→ EXERCISE:
Return the whole listing exactly, omitting the pictures.

======== SUPPLIED DATA

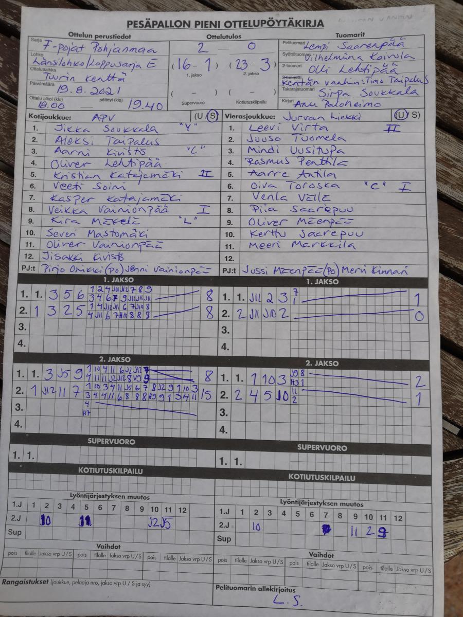 | 19.8.2021 18:00 | APV | Jurvan liekki | 2-0 (16-1, 23-3) | näytä | |
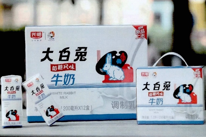 原告某乳业股份有限公司(以下简称g公司)是拥有百年历史的乳制品生产企业,其与“大白兔”品牌的权利人某食品有限公司(以下简称s公司)于2019年7月联合推出“大白兔奶糖风味牛奶”,该饮品包装使用“大白兔”奶糖糖纸经典的红蓝白配色,还印有第757086号注册商标,该商标核定使用商品为第29类,包括牛奶、牛奶制品、牛奶饮料(以牛奶为主的)等。
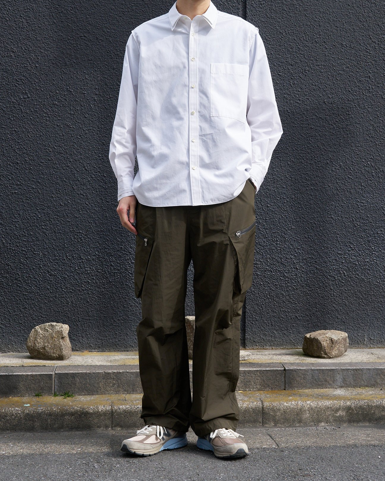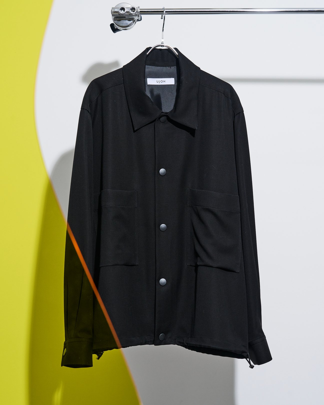 シルエットを調整できる裾のドローコードや立ち襟で着用できるチンストラップなどを搭載し、コーチジャケット感覚で着こなせるシャツは「ウジョー」から。スナップボタンまでブラックに統一されたソリッドな佇まいで、ストリートライクなスタイルからドレッシーな着こなしまで幅広くマッチします。

================

→ WRITTEN ANSWER:
 | 19.8.2021 18:00 | APV | Jurvan liekki | 2-0 (16-1, 23-3) | näytä | |
 原告某乳业股份有限公司(以下简称g公司)是拥有百年历史的乳制品生产企业,其与“大白兔”品牌的权利人某食品有限公司(以下简称s公司)于2019年7月联合推出“大白兔奶糖风味牛奶”,该饮品包装使用“大白兔”奶糖糖纸经典的红蓝白配色,还印有第757086号注册商标,该商标核定使用商品为第29类,包括牛奶、牛奶制品、牛奶饮料(以牛奶为主的)等。
 シルエットを調整できる裾のドローコードや立ち襟で着用できるチンストラップなどを搭載し、コーチジャケット感覚で着こなせるシャツは「ウジョー」から。スナップボタンまでブラックに統一されたソリッドな佇まいで、ストリートライクなスタイルからドレッシーな着こなしまで幅広くマッチします。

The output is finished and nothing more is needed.